After this, on several benefit nights they were able to appear together, Kemble replacing Smith in the character of Macbeth to Mrs. Siddons’s Lady Macbeth, and both of them acting later in Othello, he as the Moor, she as Desdemona. This was not a distinct success. At last, however, his power found its legitimate development. On the occasion of his sister’s benefit in January 1788, he acted Lear to her Cordelia. The town was electrified, and declared him equal to Garrick. Boaden tells us “that he never played it so grandly or so touchingly as on that night.”

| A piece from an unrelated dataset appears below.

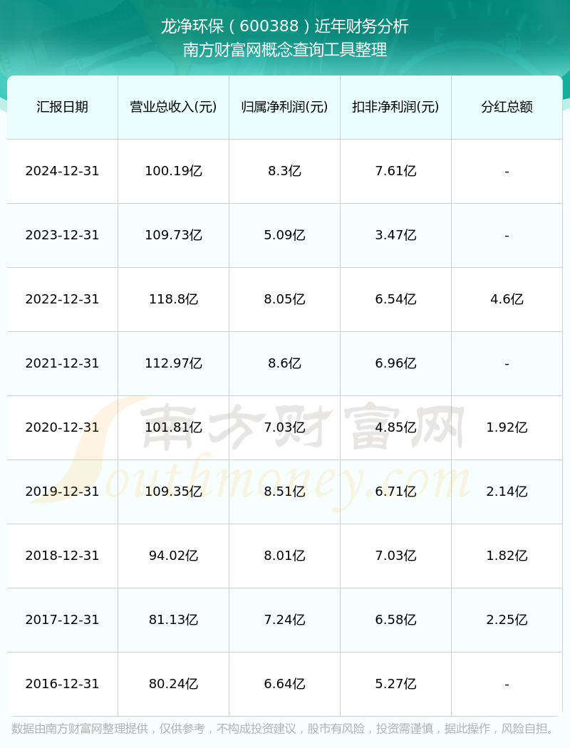 龍凈環(huán)保公司2024年實現(xiàn)營收100.19億元,凈利潤8.3億元,毛利率24.84%。

His really great gift was his large and cultivated understanding, that enabled him to grasp the spirit of the author he sought to interpret, giving a new emphasis and truth to scenes that were hackneyed and stale by a conventional method of rendering. This was particularly the case with Shakespeare, whose beauties he and his sister first revealed to their generation. The difference, however, between them was that he possessed superlative talent, she possessed genius. In speaking to Reynolds the dramatist, she defined completely the difference between them, “My brother John, in his most impetuous bursts, is always careful to avoid any discomposure of his dress or deportment, but in the whirlwind of passion I lose all thoughts of such matters.”

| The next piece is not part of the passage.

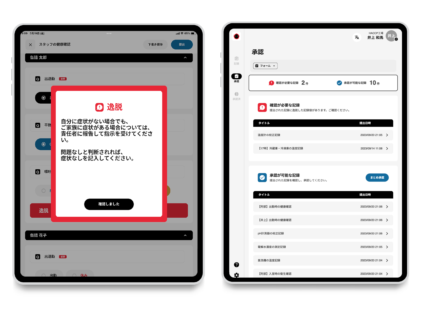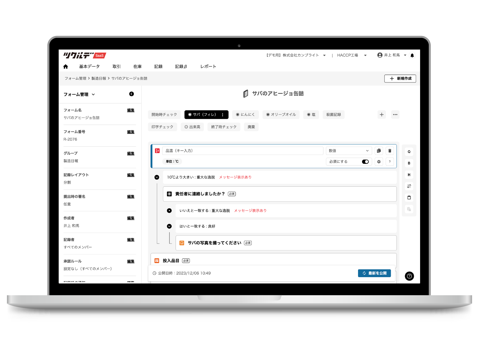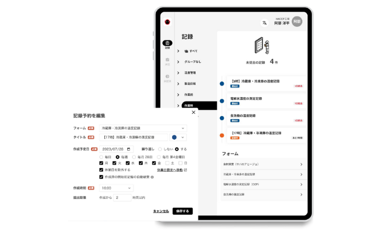 ブロックを組み立てるように見やすい画面で衛生記録や製造日報の帳票作成が可能。

He is said to have nourished a tender affection for the “Muse”—beautiful, clever, fascinating, stuttering Mrs. Inchbald. When her husband died, it was universally said he would marry her. Fanny Kemble tells an incident that occurred long after Kemble was married. Mrs. Inchbald and Miss Mellon were sitting by the fire-place in the green-room, waiting to be called upon the stage. The two were laughingly discussing their male friends and acquaintances from the matrimonial point of view. John Kemble, who was standing near, at length jestingly said to Mrs. Inchbald, who had been comically energetic in her declarations of whom she could or would or never could or would have married, “Well, Mrs. Inchbald, would you have had me?” “Dear heart,” said the stammering beauty, turning her sweet sunny face up to him, “I’d have j-j-j-jumped at you!”

The lady he did eventually marry was no beauty and no “Muse,” but, much to the indignation of Mrs. Siddons, as people said at the time, a very ordinary young woman, daughter of a Mr. and Mrs. Hopkins, prompter and actress at Drury Lane. Priscilla, however, made him a good wife, and he never had cause to regret his choice.

The next brother to John, Stephen, although almost born on the stage, had none of the requisites either of talent or facility to make him a good actor. Only a few days before John’s first appearance in London, Stephen appeared before the public as Othello. It was said that the manager had made a mistake, and had engaged the “big” instead of the “great” Mr. Kemble. Stephen’s great boast all his life was that he was the only actor who could play Falstaff “without stuffing.” His qualifications were those of a boon companion rather than of an actor. He very soon quitted the London stage and became manager of a provincial theatre.

Frances, the great actress’s second sister, inherited a considerable portion of the family beauty, but little dramatic power, and what she had was rendered inoperative by her unconquerable shyness. Mrs. Siddons first brought her out at Bath. The papers vented their spleen against the elder sister on the younger. It was natural, they said, that she should wish to bring her forward, but they hoped she had learned, by the utter failure of her attempt, not to “cram incapable actresses down the throats of the public.” One of the theatrical critics, Steevens, fell in love with her; but his proposals being rejected, he became her bitterest enemy.